Tuesday, November 9, 2021

My Color Temperature Brain Blowout


11/6/21 Final exercise. Polychromos on Strathmore Bristol Smooth

“Temperature” is a color concept that I have long been familiar with and have actively worked with when a book or instructor has made me conscious of it. The traditional painter’s palette is based on color temperature principles: To avoid mud, mix cool with cool or warm with warm; mixing the right warms and cools together creates interesting neutrals. So color temperature is not new to me.

Yet something about the way Gage instructor Sarah Bixler presented these principles in a colored pencil workshop last Saturday blew the top of my skull right off!

I was first introduced to Sarah’s work and unique approach several years ago when I was thumbing through the sketchbook of a sketcher friend. Some striking colored pencil life drawings caught my eye, and my friend had described Sarah’s class in which she had learned the techniques. I had been wanting to take a class from Sarah ever since, but she offered it only sporadically or when I had conflicts. This quarter was the first time the stars had aligned in my favor.

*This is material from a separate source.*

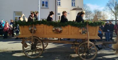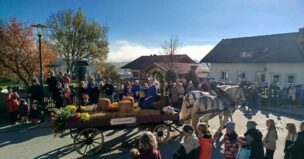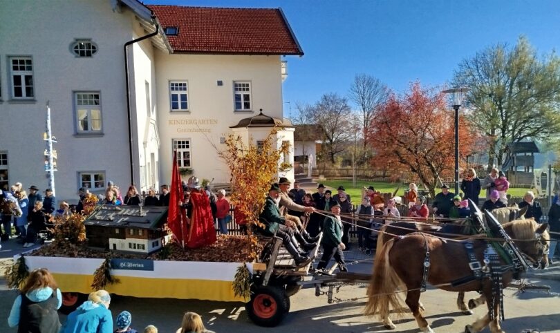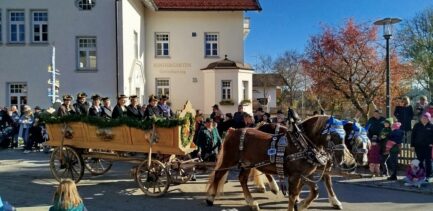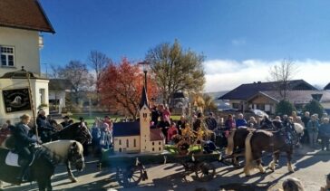 Traditionell immer am 6. November, dem Tag des hl. Leonhard, findet in dem schmucken Dorf Greimharting der Leonhardiritt statt. Und gerne haben wir vom Trachtenverein Griesstätt wieder daran teilgenommen, ist der dortige Trachtenverein „Ratzingerhöh“ doch unser Patenverein und so pflegen wir schon eine lange, freundschaftliche Beziehung zu den Greimhartingern. Mehr und mehr verzog sich der kalte Nebel und in Greimharting kam dann der blaue Himmel und die wärmende Sonne zum Vorschein. Seit über 600 Jahren gibt es in Greimharting diesen Leonhardiritt und wie es sich gehört, begann dieser für die Greimhartinger ganz besondere Tag um 9 Uhr mit einem Gottesdienst. In seiner Predigt erinnerte Pfarrer Philipp Werner an den Heiligen Leonhard. „Der Heilige Leonhard ist gerade mit seinen Attributen Gefangenschaft und Ketten ein Sinnbild auch in heutiger Zeit, wenn wir bedenken, dass wir uns von Egoismus, Sucht oder unguten Gewohnheiten befreien wollen“. Nach dem Gottesdienst in der Kirche gings dreimal am Pfarrer vorbei, der am Kirchenhügel die Segnung aller am Umritt beteiligten vornahm. Rund 90 festlich herausgeputzte Rösser, stolze Reiter und prächtige Motiv- und Leutewagen haben teilgenommen und gaben ein wunderschönes Bild auch für die vielen Zuschauer ab. Heilige, voran die Gottesmutter Maria mit dem ausgebreiteten Schutzmantel sowie der hl. Florian, der hl. Isidor, der hl. Ambrosius, der hl. Wendelin, des Weiteren Kirchen und Kapellen und landwirtschaftliche Symbole prägten diese Festwägen. Hier waren auch unsere feschen Griesstätter Röckefrauen dabei, wieder mit dem schön bemalten Motivwagen, gezogen von zwei prächtigen Rössern.

As a painter, Sarah mixes colored pencils with a very painterly approach. As a bonus to me, her method takes advantage of “optical mixing,” which I have lately been intrigued with, so the workshop sparked my interest in more ways than one. Although the workshop subject was portraits, the principles she taught could be applied to any subject, of course, and I’m eager to eventually use them with urban sketches. In fact, if I ever decide to take up painting, I’m sure those principles I learned with colored pencils would apply to paints. (Incidentally, this workshop probably could have been taught with a still life because there was no instruction at all in terms of “how to draw” a portrait. Human skin tones, however, are challenging opportunities to mix beautiful neutral tones, which is why I think a model was chosen as the subject.)

We began by making “clouds” of color blocks using only primary colors (another key interest of mine! You can imagine why I was so inspired last Saturday!). The objective was not to “render” the subject but to simply squint and look for the relative color temperatures and apply those hues. For example, the model’s skin tones are warm, while her dark hair is cooler by comparison. Her hair is warmer than her dark shirt. How do any of these warm or cool color tones compare in temperature to the background? Even one wall is cooler than the adjacent wall. These are things I had never thought about while drawing anything!

Identifying blocks of color temperature

Next we did the same exercise twice using only two complements (one warm, one cool). In all of these exercises, we were to mix the complements and push the resulting neutrals in either the warmer or cooler direction.

Purple and yellow as cool/warm complements

Blue and ochre as cool/warm complements

We then chose one neutral to do a value study.

Value study

When urban sketching, I tend to sight-size everything: Draw the subject at the same scale as what I see. The next two exercises were a good challenge for me in scaling. We were to choose one small area on the model – for example, just the area between the ear and shoulder – view it through a rectangular hole cut in a piece of paper to eliminate everything around it, and work out color temperatures combined with values. The limited view would force abstraction of what we see: The ear would stop being an “ear” and would become a warm-colored shape with cooler shapes around it. The first attempt was my usual sight-sized scale. For the second one, she encouraged us to work larger so that we could put in more small areas of dark or just see different things. I made the earring a bit too large!

Two limited-area studies at different scales

For the last exercise of the day, we spent two sessions (the model always gets a break every 20 minutes, so we worked for a total of 40 minutes) putting together everything we learned to make a portrait (top of post). I don’t know if it shows in the sketch, but at this point, I was working with the top of my head blown open! Stay tuned as I put my brain back together and try to apply what I learned in the real world!

Although I’m still not thoroughly comfortable spending extended time indoors with others, I am reassured by Gage’s vaccination requirement and am trying to move toward normalcy. I’m so excited and happy to be off Zoom and back in the Gage classroom again!

The instructor had recommended Faber-Castell Polychromos pencils, so that's
what I brought. It felt good to have somewhere to bring my pencils to instead of clicking on Zoom!

A few Prismacolor neons that the instructor had also suggested are on the end. I didn't get a chance to use them, though.

The muted triad I used in the final exercise was Ultramarine, Light Yellow Ochre and Sanguine.


  1. I love how you put the concepts together in the final portraits. Even the small areas on the model made for interesting studies. You find the coolest classes!

  2. I agree with Joan, you do find the coolest classes! Great topic, and love the final portraits.